Top of Recorded data

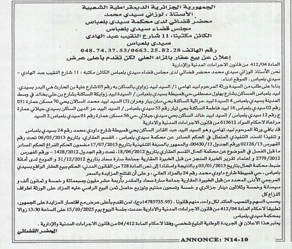 Il sera procédé à la vente au plus offrant et dernier enchérisseur le :
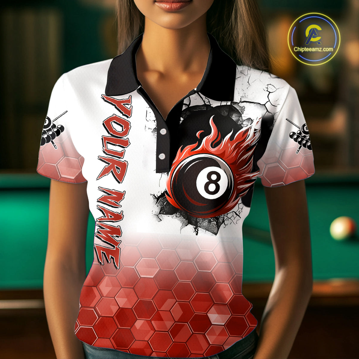 Custom White And Red Hexagon 8 Ball Flame Billiard Shirt For Women, Funny Pool Team Jersey TDM4554
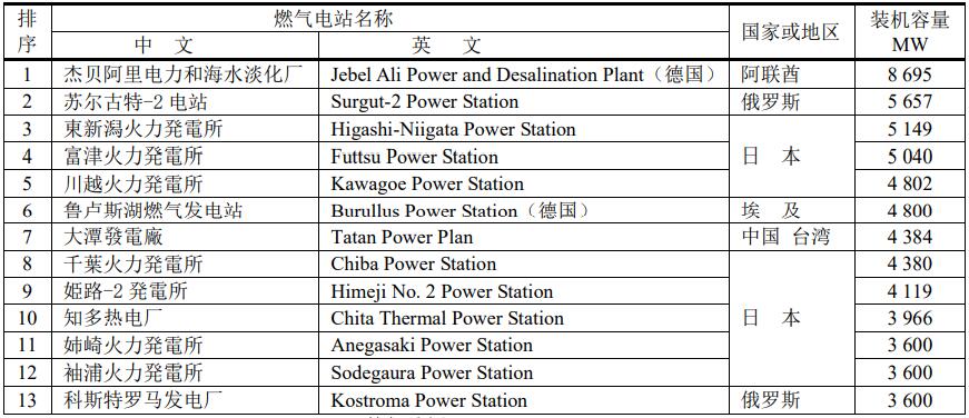 中國主要以燃煤發(fā)電為主,其次為燃?xì)獍l(fā)電的份額不高,但是進(jìn)展比較快。目前中國燃?xì)獍l(fā)電站如表。

Bottom of Recorded data

Prompt:
Repeat the data word for word, excluding any image.

Output for this task:
 Il sera procédé à la vente au plus offrant et dernier enchérisseur le :
 Custom White And Red Hexagon 8 Ball Flame Billiard Shirt For Women, Funny Pool Team Jersey TDM4554
 中國主要以燃煤發(fā)電為主,其次為燃?xì)獍l(fā)電的份額不高,但是進(jìn)展比較快。目前中國燃?xì)獍l(fā)電站如表。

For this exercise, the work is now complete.